Foto: Marcelo S. Camargo / Governo do Estado de SP
Tarcísio de Freitas
Greves são manifestações políticas organizadas e são políticas porque visam à conquista de direitos fundamentais e melhorias de condições de trabalho para toda uma classe. Estamos falando de uma luta coletiva em prol de um objetivo também coletivo. Orquestradas por uma classe que ao longo da história sempre esteve em desvantagem por não usufruir das riquezas que produz, as greves se mostram como uma forma de protesto legítima, e incomoda porque funciona.
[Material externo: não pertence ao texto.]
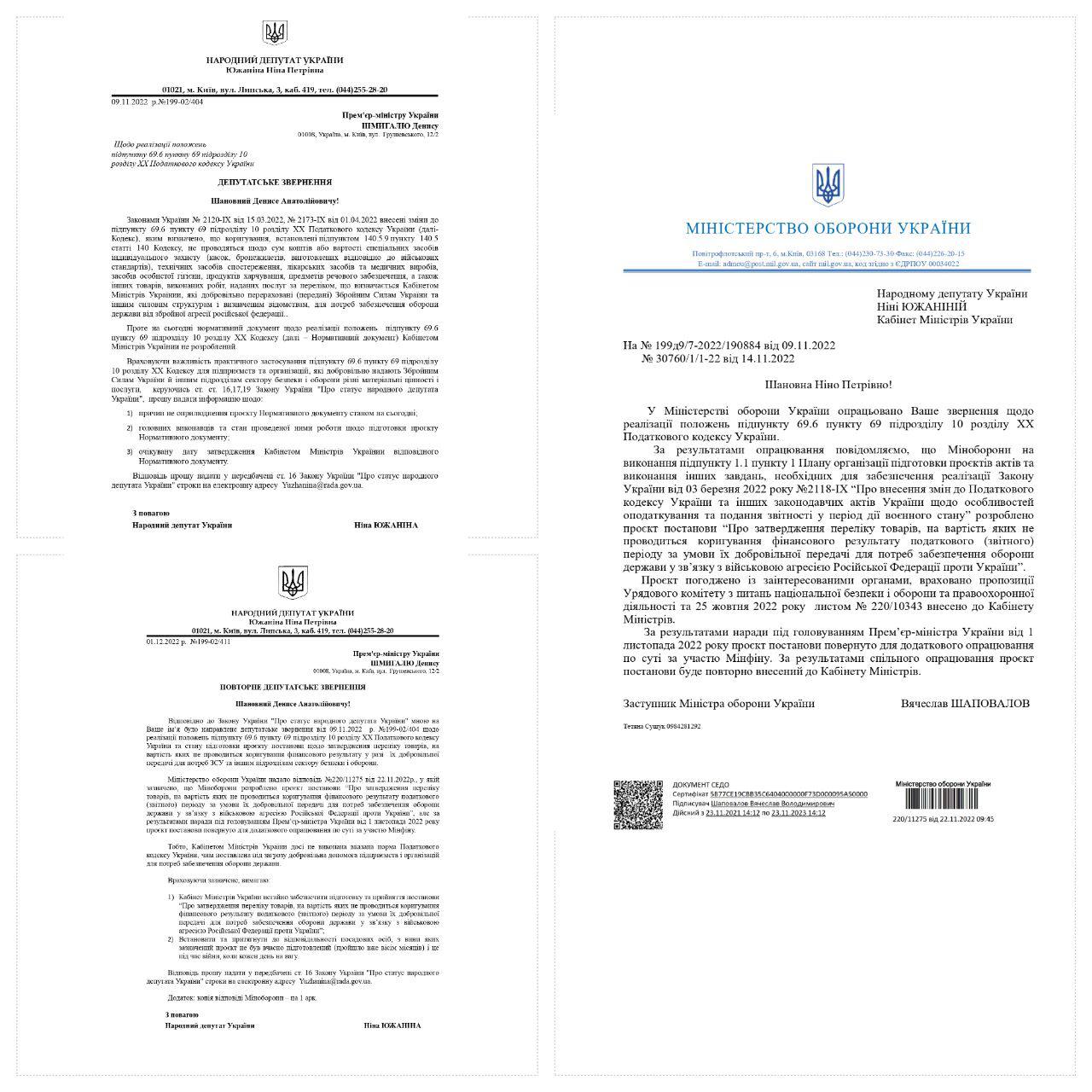 Н. Южаніна отримала відповідь від Міноборони: проєкт було погоджено із заінтересованими органами, ще 25.10.2022 року внесено до Кабінету Міністрів, але повернуто для додаткового опрацювання по суті за участю Мінфіну.
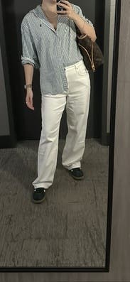 Classic button down and the perfect fit! Great rental piece for work, I paired it with denim.
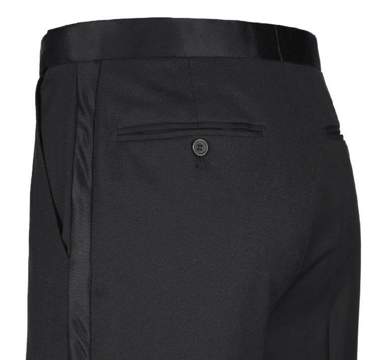 A busy social agenda requires a classic black tuxedo that'll always look sharp, and this Raphael tuxedo is faultlessly made for timeless elegance. This tuxedo is tailored from a polyester blend with satin peak lapels and has covered buttons for a final flourish. The flat front pants are trimmed with satin ribbon that runs down both legs, and the pants are left unhemmed to allow tailoring for your exact fit.
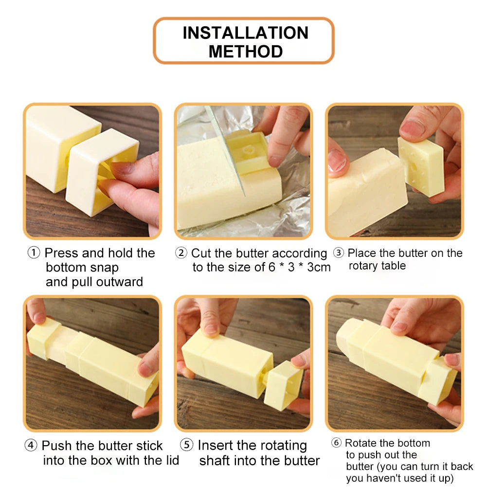 *2. Easy to use. Just insert a piece of butter in our dispenser and apply it to your favorite food. As the butter melts,simply rotate it out to move the butter to the top for ease of use.
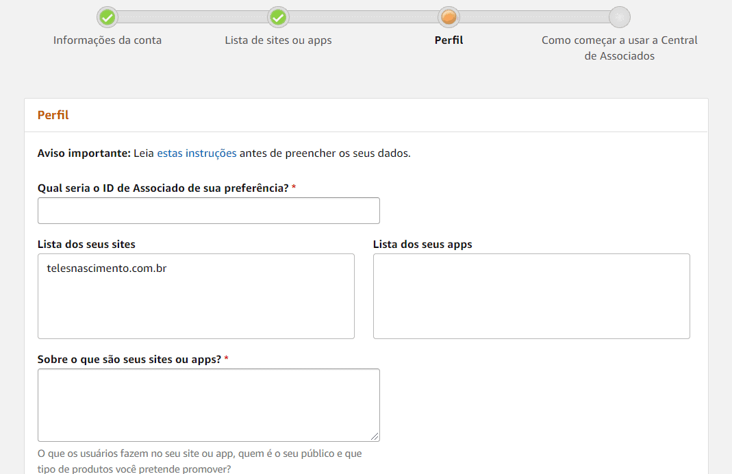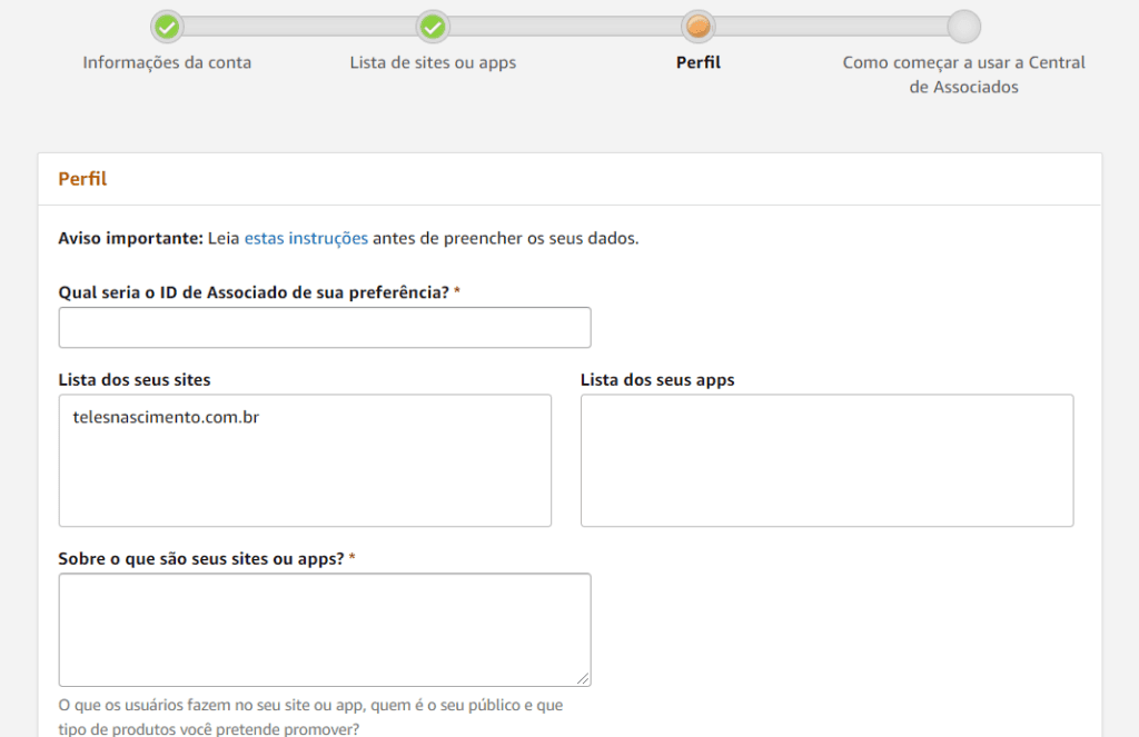 Passo 3: Na tela de cadastro de Perfil você irá inserir sua preferência de nome de usuário e preencher quais tipos de produtos da Amazon deseja publicar.
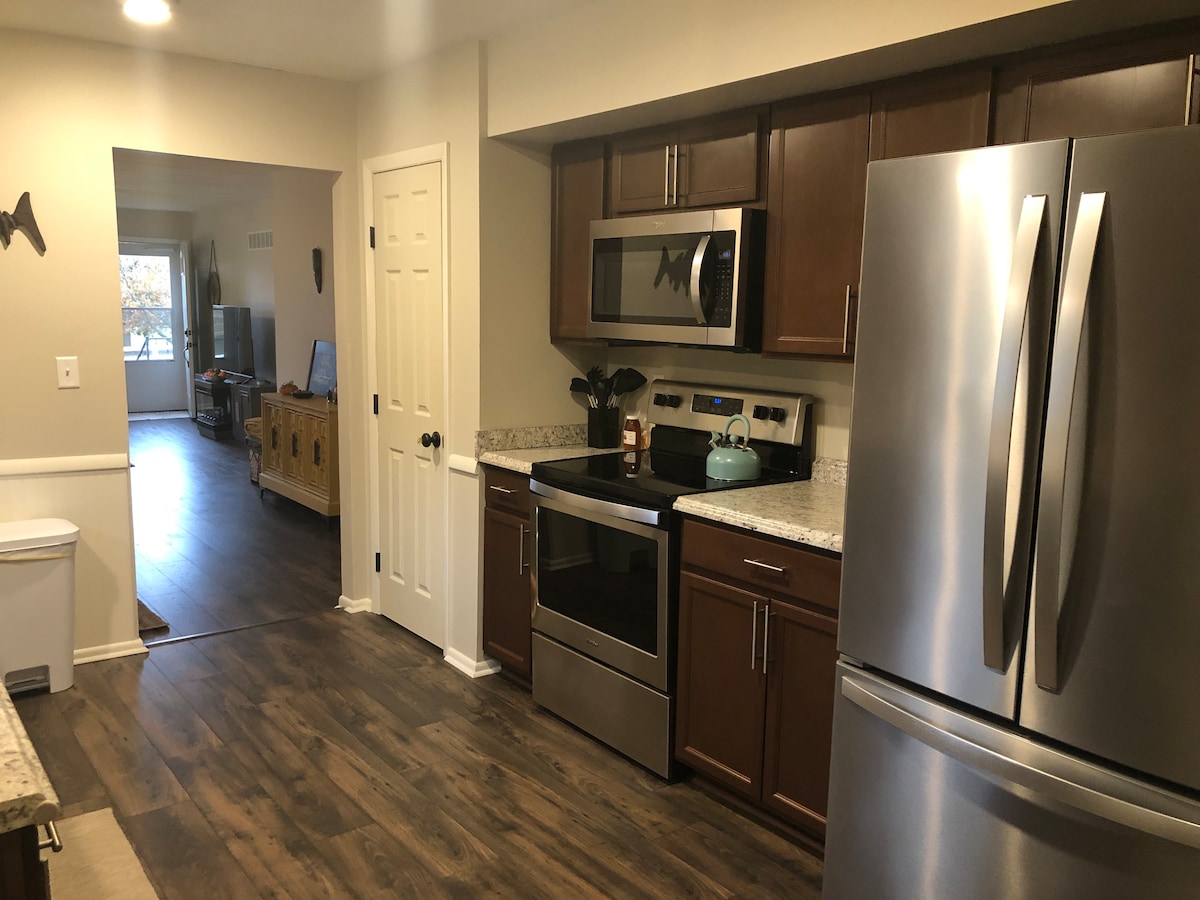 Lake view, firepit, fireplace, coffee bar, bike path access, walking distance to the historic town of Xenia with shopping and local eateries. Near Yellow Springs, Clifton Mill, Greene County Expo Center, Waynesville. Cozy, tastefully decorated 2 bedroom private home overlooking beautiful park with playground and lake in the historic town of Xenia. Completely renovated. The Lake House is centrally located between Yellow Springs, Caesar's Creek, Waynesville, WPAFB, and Dayton, Ohio.

Veja, greves foram feitas para incomodar, não há dúvida quanto a isso. Elas querem fazer barulho, chamar atenção para uma problemática, convidar outras classes para o debate. A população deseja ser ouvida, opinar na mesa de decisões, ter um mínimo de autonomia. É evidente que no caso de SP, há o ônus direto para a população que depende diariamente do transporte público, assim como também o é o fato de que é muito mais fácil colocar essa conta nas costas dos trabalhadores, do que nos ombros daqueles que detém efetivamente o poder de decisão e diálogo para com essa classe e suas reivindicações.
Não sejamos inocentes. Sabemos do que se tratam as privatizações, do cenário de sucateamento trabalhista no qual milhões vivem hoje - dentro e fora do Brasil - e sabemos mais ainda que o valor que pagamos por serviços públicos muitas vezes não correspondnte ao que recebemos em troca. No caso do transporte coletivo, podemos até lembrar do que vivemos em Fortaleza há poucos meses, com a tarifa de ônibus sendo aumentada em R$ 0,60 em Março, mas sem que de lá pra cá houvesse grande melhoria no serviço ofertado.
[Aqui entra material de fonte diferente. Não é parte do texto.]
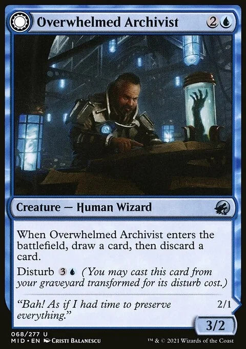 When Overwhelmed Archivist enters the battlefield, draw a card, then discard a card.
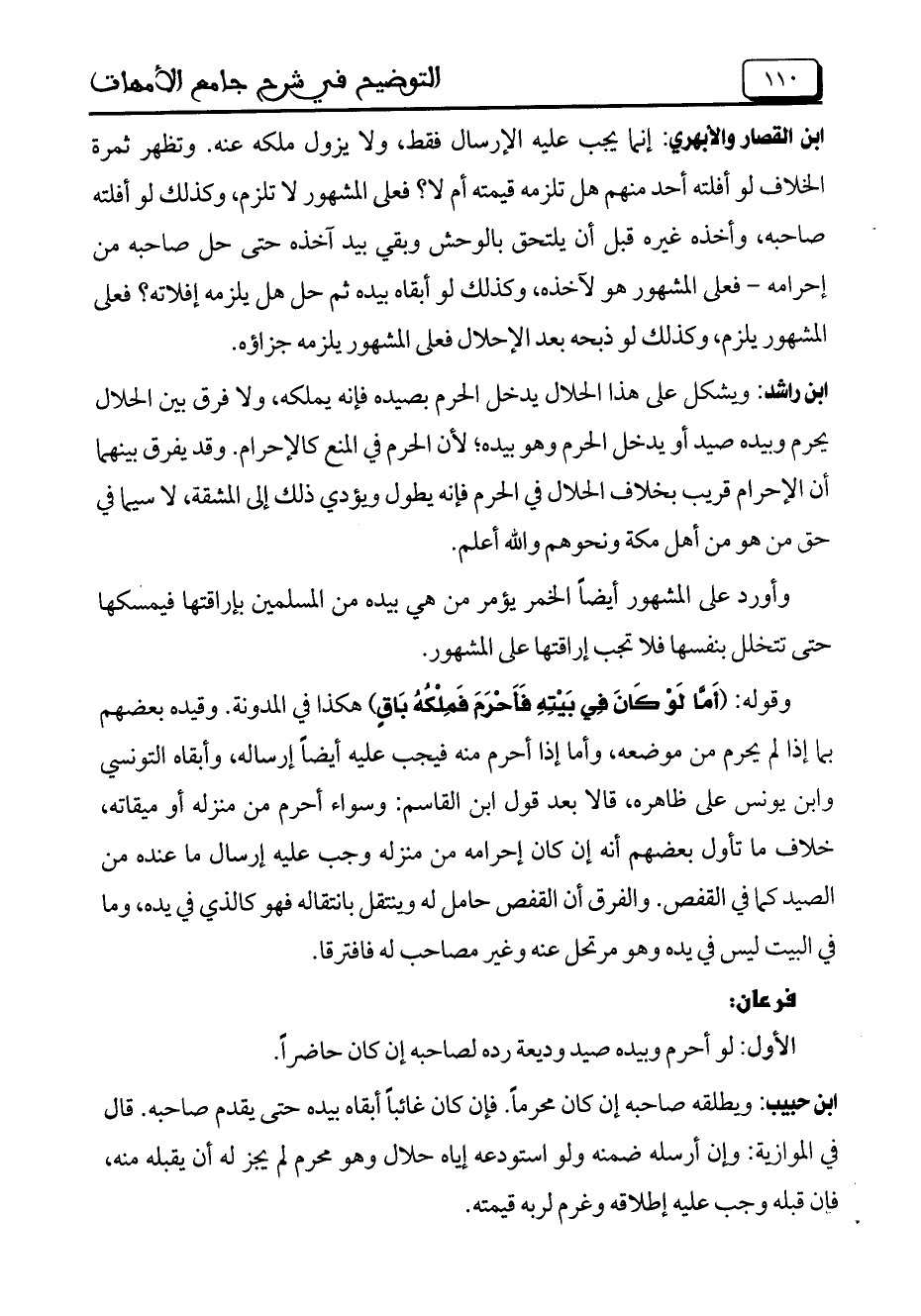 ابن راشد: ويشكل على هذا الحلال يدخل الحرم بصيده فإنه يملكه، ولا فرق بين الحلال يحرم وبيده صيد أو يدخل الحرم وهو بيده؛ لأن الحرم في المنع كالإحرام. وقد يفرق بينهما أن الإحرام قريب بخلاف الحلال في الحرم فإنه يطول ويؤدي ذلك إلى المشقة، لا سيما في حق من هو من أهل مكة ونحوهم والله أعلم.
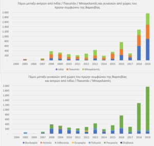 Πόσο πιθανό είναι οι αριθμοί που ακόυμε και διαβάζουμε να είναι χαμηλοί; Στα δημοσιευμένα στοιχεία από τη Στατιστική Υπηρεσία (τα πιο πρόσφατα στοιχεία είναι μέχρι το και το 2019), παρατηρούμε για παράδειγμα την αλματώδη αύξηση (πολιτικών) γάμων μεταξύ αντρών με καταγωγή την Ινδία, το Πακιστάν και το Μπαγκλαντές και γυναικών κύριως από τη Ρουμανία. Οι γάμοι αυτοί ανήλθαν για το 2019 σε περίπου 2000 ή το 25% του συνόλου των γάμων που πραγματοποιήθηκαν στην Κύπρο το 2019 (!).

Aqui, andamos em ônibus com portas quebradas, equipamentos de acessibilidade danificados, motoristas pulando as paradas e ignorando os passageiros, existe insegurança e assaltos dentro do transporte, andamos de ônibus com assentos danificados, e a lista continua. Seria a solução privatizar ou efetivamente investir o dinheiro arrecadado na melhoria do transporte, uma vez que é um dos poucos serviços públicos que temos de pagar para utilizar?
Poderíamos citar Tempos Modernos, o conhecido filme de Charlie Chaplin no qual os humanos se automatizam, viram máquinas de produção em massa cuja força de trabalho jamais será suficiente para matar a sede do patrão. O filme é de 1936, muitos de nós o assistimos ainda na escola. Será que 87 anos depois, algo mudou? Será que nós mudamos? Acredito haver poucas surpresas no caminho, mas uma delas certamente é ter um meme de Nicole Balhs como aliada.